[SOURCE MATERIAL — start]
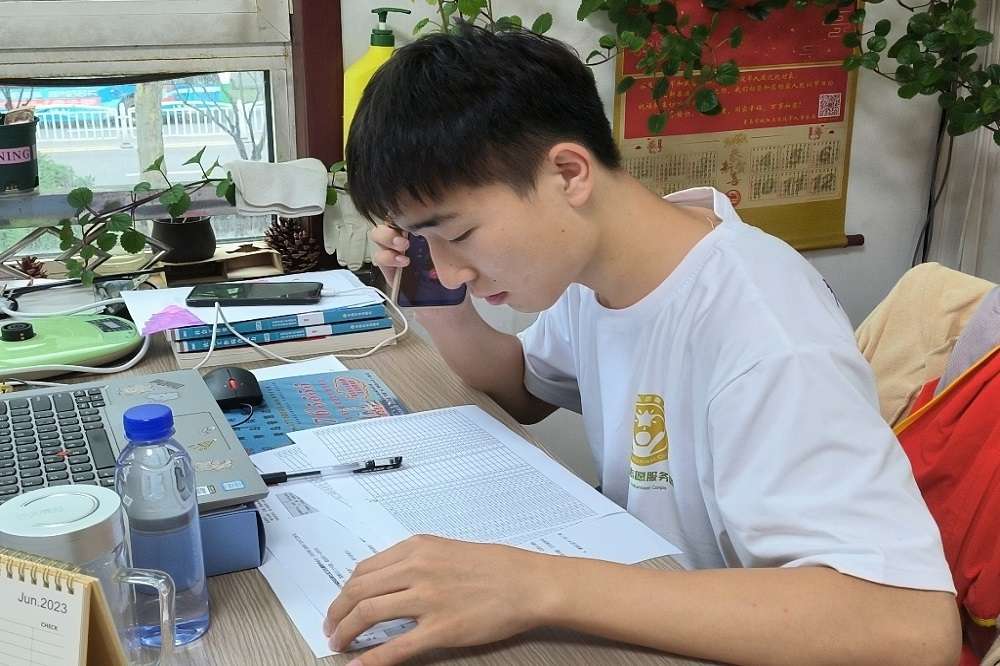 圖為團隊隊員正在進行電話隨訪。通訊員 殷彤彤 供圖
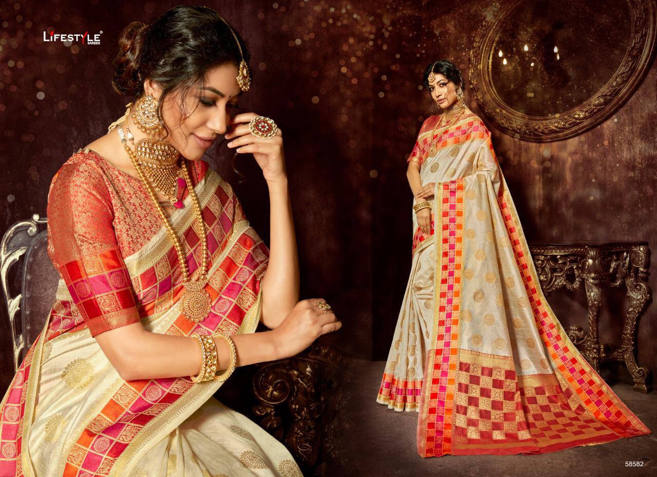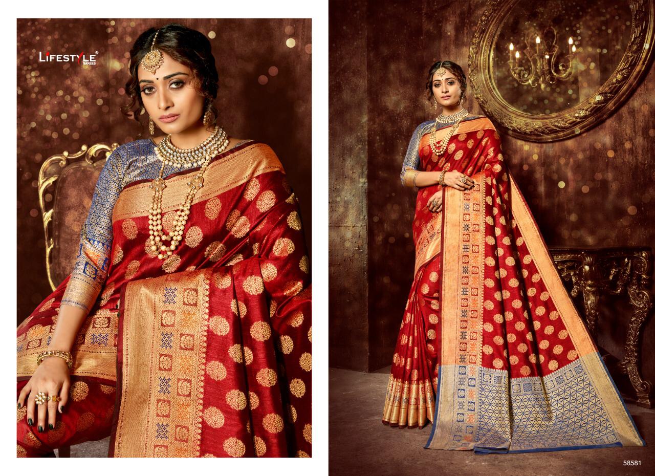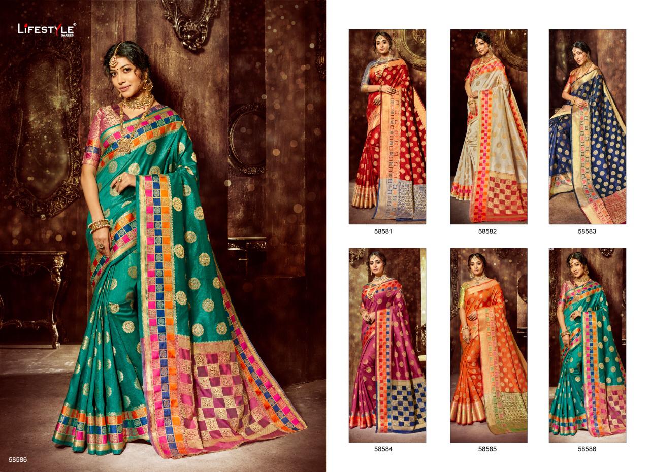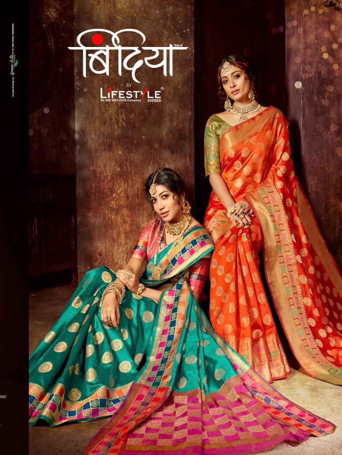 Buy Online Bindiya Vol 4 By Lifestyle 58581 Series Designer Weaving Silk Saree Collection Wholesaler Surat 6 Pcs of Full Catalogue at Wholesale Price. Looking for Bindiya Vol 4 By Lifestyle 58581 Series Designer Weaving Silk Saree Collection Wholesaler Surat Full Catalouge at Best Price? Buy Now Bindiya Vol 4 By Lifestyle 58581 Series Designer Weaving Silk Saree Collection Wholesaler Surat at Wholesale Rate of Rs 5910 with Total 6 Pcs from authroized dealer and supplier of LIFESTYLE Brand. Cost of Each piece is just only Rs 985 which is very low and affordable price to resale the product in your retail store ,This is Surat based Wholesale Supplier & Dealer of LIFESTYLE Brand. Click on Brand name to Know more about LIFESTYLE Brand's products.Call or Whatsapp on 9898838984 for booking or enquiry
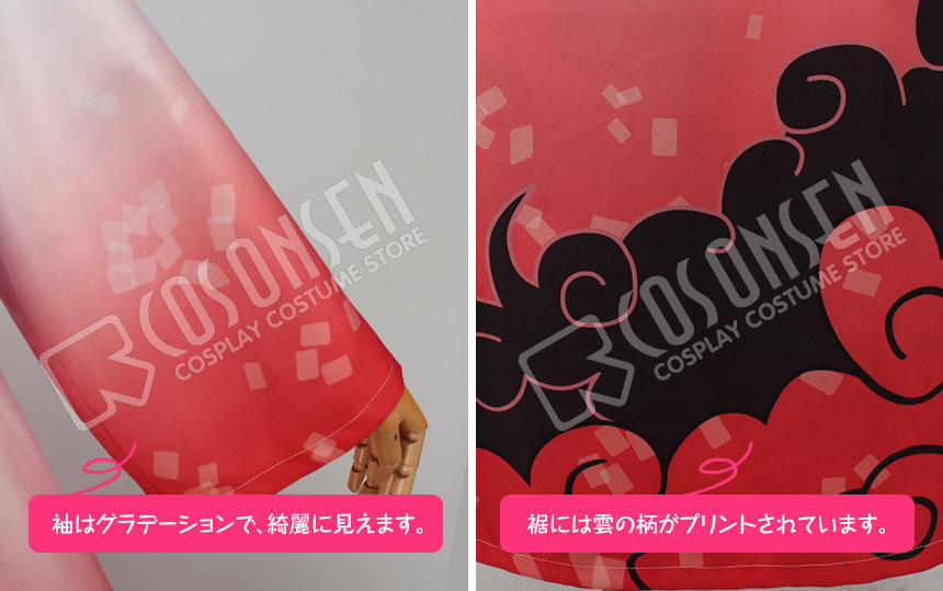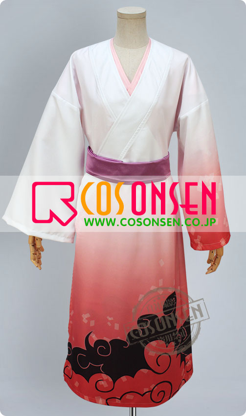 ポリ混紡生地にて製作した着物です。グラデーションで、綺麗に見えます。裾には雲の柄がプリントされ、見事に原作を再現しました。
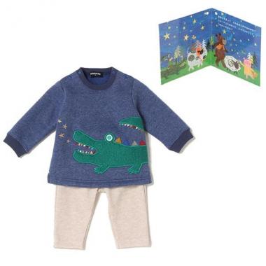 モコモコとしたアニマル柄が目を引くセットアップです。トップスには裏毛素材を採用しました。単品でもスタイリングが可能な、デイリーユースに活躍してくれるアイテムです! ブルーはワニ柄、トップグレーは羊柄と、カラーによって異なるパターンを採用しました。この商品1点につきポリオワクチン1人分がJCVに寄付されます。ミニ絵本つき。
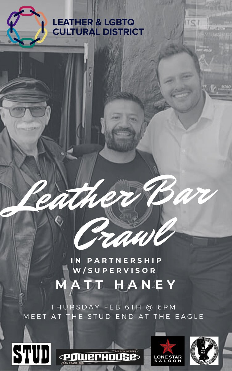 This Thursday- come crawl the bars with Matt Haney, Honey Mahogany, and the LEATHER & LGBTQ Cultural District! https://www.facebook.com/events/188648732199533/ …
[SOURCE MATERIAL — finish]
Write out every entry above exactly as it stands, minus the pictures.

## EXERCISE OUTPUT
 圖為團隊隊員正在進行電話隨訪。通訊員 殷彤彤 供圖
 Buy Online Bindiya Vol 4 By Lifestyle 58581 Series Designer Weaving Silk Saree Collection Wholesaler Surat 6 Pcs of Full Catalogue at Wholesale Price. Looking for Bindiya Vol 4 By Lifestyle 58581 Series Designer Weaving Silk Saree Collection Wholesaler Surat Full Catalouge at Best Price? Buy Now Bindiya Vol 4 By Lifestyle 58581 Series Designer Weaving Silk Saree Collection Wholesaler Surat at Wholesale Rate of Rs 5910 with Total 6 Pcs from authroized dealer and supplier of LIFESTYLE Brand. Cost of Each piece is just only Rs 985 which is very low and affordable price to resale the product in your retail store ,This is Surat based Wholesale Supplier & Dealer of LIFESTYLE Brand. Click on Brand name to Know more about LIFESTYLE Brand's products.Call or Whatsapp on 9898838984 for booking or enquiry
 ポリ混紡生地にて製作した着物です。グラデーションで、綺麗に見えます。裾には雲の柄がプリントされ、見事に原作を再現しました。
 モコモコとしたアニマル柄が目を引くセットアップです。トップスには裏毛素材を採用しました。単品でもスタイリングが可能な、デイリーユースに活躍してくれるアイテムです! ブルーはワニ柄、トップグレーは羊柄と、カラーによって異なるパターンを採用しました。この商品1点につきポリオワクチン1人分がJCVに寄付されます。ミニ絵本つき。
 This Thursday- come crawl the bars with Matt Haney, Honey Mahogany, and the LEATHER & LGBTQ Cultural District! https://www.facebook.com/events/188648732199533/ …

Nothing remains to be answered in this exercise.